L’oggetto, che si trova a circa 27 mila anni-luce dalla Terra, è chiamato Sagittarius A* (Sgr A*); non emette luce, ma il gas che brilla attorno ad esso possiede un aspetto distintivo: una regione centrale scura (chiamata “ombra” del buco nero) circondata da una struttura brillante a forma di anello.
L’attesissima immagine è stata ottenuta da una rete globale di radiotelescopi, la Collaborazione Event Horizon Telescope (EHT) che coinvolge oltre 300 ricercatori e otto osservatori radio-astronomici in tutto il mondo, come un unico telescopio virtuale dalle dimensioni del pianeta Terra.
Il nuovo risultato, che segue la scoperta del buco nero al centro della galassia lontana M87 avvenuta nel 2019, è frutto di un notevole sforzo tecnologico, poiché Sagittarius A* è molto più piccolo.

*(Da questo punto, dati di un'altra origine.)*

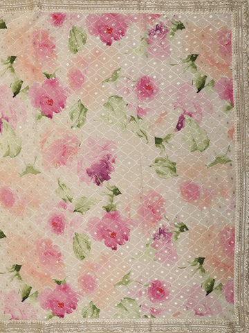 The body of the saree is adorned with watercolour-inspired floral prints in soothing pastel shades of pink, peach, and soft green, creating a romantic and refreshing visual appeal. A subtle all-over diamond lattice pattern is highlighted with delicate sequins, adding a gentle shimmer that catches the light beautifully without overpowering the softness of the design.

Cruciale per raggiungere questo nuovo risultato è stato il contributo di ALMA, l’Atacama Large Millimeter/submillimeter Array, il più potente radiotelescopio esistente, che dal deserto di Atacama, in Cile, scruta il cosmo in banda radio a lunghezze d’onda millimetriche e submillimetriche. L’Italia partecipa ad ALMA attraverso l’ESO, lo European Southern Observatory, e ospita il nodo italiano del Centro regionale europeo ALMA presso la sede dell’Istituto Nazionale di Astrofisica (INAF) di Bologna.
“È uno straordinario risultato della cui portata riusciremo a renderci conto davvero solo con il tempo”, ha commentato il ministro dell’Università e della Ricerca Maria Cristina Messa. “Complimenti al grande e globale gruppo di lavoro che ha consentito di raggiungerlo e, all’interno di questo, alle scienziate e agli scienziati italiani. Questa scoperta dimostra come le reti collaborative di ricerca internazionale siano fondamentali per il progresso di tutti, di come sia importante per l’Italia farne parte investendo, in modo continuo e stabile negli anni, in grandi infrastrutture di ricerca e di dati, per rafforzarle e implementarle sempre di più, e di come si debba fare uno sforzo per preservare queste reti anche in momenti di crisi”.
La nuova scoperta è descritta in una serie di articoli pubblicati oggi, 12 maggio, su un numero speciale della rivista The Astrophysical Journal Letters.